Rolls-Royce's new chief executive Warren East thinks the British aircraft engine-maker has become bloated in its old age. He intends to put it on a crash diet to end the malaise that has forced the company to issue a string of profit warnings.
The only problem is that the need to continue spending on research and development -- a perfectly natural endeavor for a technology-led manufacturer -- limits his room for maneuver.
Rolls-Royce books about 13.7 billion pounds ( $20.5 billion) in annual revenues but 4 billion pounds of that vanishes on stuff not spent directly on making or delivering products to customers. East announced a management reshuffle this week to help slim down Rolls Royce's top-heavy organisation and save 150-200 million pounds in yearly costs by 2017.
But East has ring-fenced R&D, which he views as the seed of Rolls Royce's future sales and profits. The trouble is, R&D has become such a large proportion of operating expenses -- almost 800 million pounds last year or roughly four times the cost-saving target -- that funding all those big brains is eroding the company's ability to generate cash flow.

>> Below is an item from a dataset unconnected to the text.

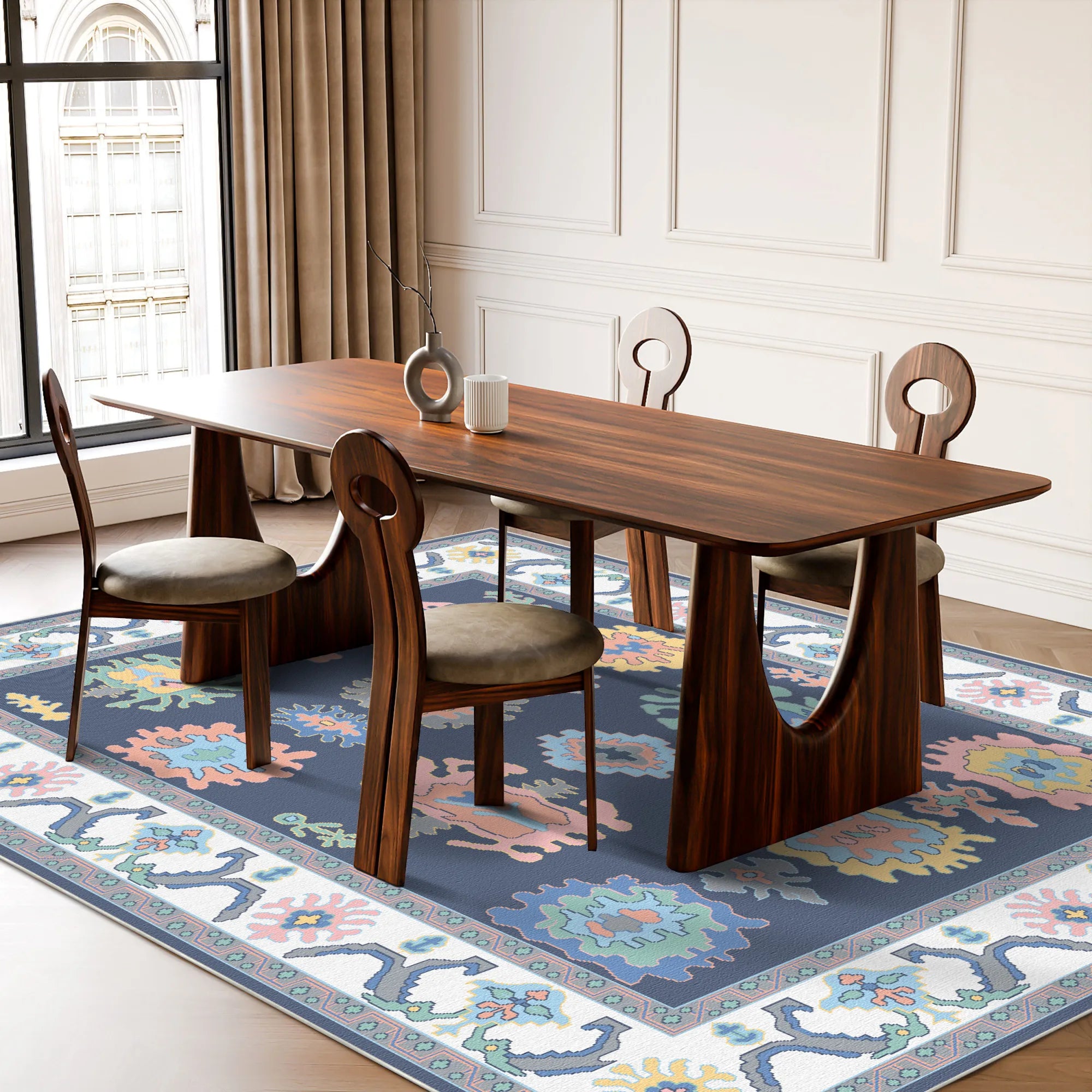 Beyond its bold visual appeal, the Aura Indigo Pop is engineered for the fast-paced demands of a modern home. We have woven this rug from premium, high-density polyester fibers that deliver a velvety, ultra-soft touch underfoot while maintaining exceptional durability against high foot traffic. The saturated indigo base is highly practical for busy households, while our advanced color-lock technology ensures the neon-pastel motifs stay brilliant and crisp. Supporting this artistic expression is a high-grade, slip-resistant backing that keeps the rug perfectly in place on any surface. Fully machine washable and robot-vacuum friendly, it offers a worry-free foundation for a home that isn't afraid to stand out.

According to Bloomberg data, Rolls-Royce's operating expenses as a percentage of sales have increased steadily over the past four years. But as the chart below shows, this growth has come from an increase in R&D spending. Over the same period, general and admin expenses, something you would associate more readily with a bloated corporate structure, has actually declined as a proportion of revenue.

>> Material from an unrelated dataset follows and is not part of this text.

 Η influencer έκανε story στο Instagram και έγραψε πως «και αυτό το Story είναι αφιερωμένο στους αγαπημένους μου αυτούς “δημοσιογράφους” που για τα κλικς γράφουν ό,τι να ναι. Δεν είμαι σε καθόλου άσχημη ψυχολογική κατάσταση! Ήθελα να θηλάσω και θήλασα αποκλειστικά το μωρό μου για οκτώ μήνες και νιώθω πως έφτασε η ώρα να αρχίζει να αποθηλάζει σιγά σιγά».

The company has been investing heavily in developing new engines such as the Trent XWB-97 and Trent 7000, which are destined for the new Airbus A350 and A330neo respectively. It's also plowing cash into futuristic aero-engine designs such as the Advance and Ultrafan. The latter has a fancy, geared design and carbon titanium fan system and should be ready by 2025.
As some development projects reach maturity Rolls-Royce accountants will be able to capitalize R&D costs on the balance sheet, rather than expense them. Yet management is still guiding for at least 750 million pounds of net R&D spending in 2015, a figure that probably won't fall in subsequent years. With revenue expected to decline this year and next, that means it's likely to remain inflated as a percentage of sales.
Indeed, if Airbus decides to overhaul its A380 superjumbo, it's conceivable Rolls-Royce will have to invest even more. R&D is therefore a cost lever that East is unable to pull as he tries to stem a cash shortfall due in part to weaker-than-expected after-market income from ageing wide body aircraft.
There's also the argument about whether the company has been spending its development budget wisely: for example, should it have invested in narrow-body engines or doing more in corporate jets?
In fairness, the recent R&D splurge has been the result of winning contracts to supply major aircraft such as the A350 and A330neo. Had it lost out to rivals, it could now slash development costs and profits would go up (before collapsing a few years later). The hope is that one day, the new engines will start delivering handsome after-market fees.
But because of Rolls-Royce's nasty habit of springing earnings surprises, the market has lost confidence in those long-term aims and the reliability of future cash flow. East's challenge is to change that perception by making the company a far leaner outfit. The R&D conundrum shows that won't be easy.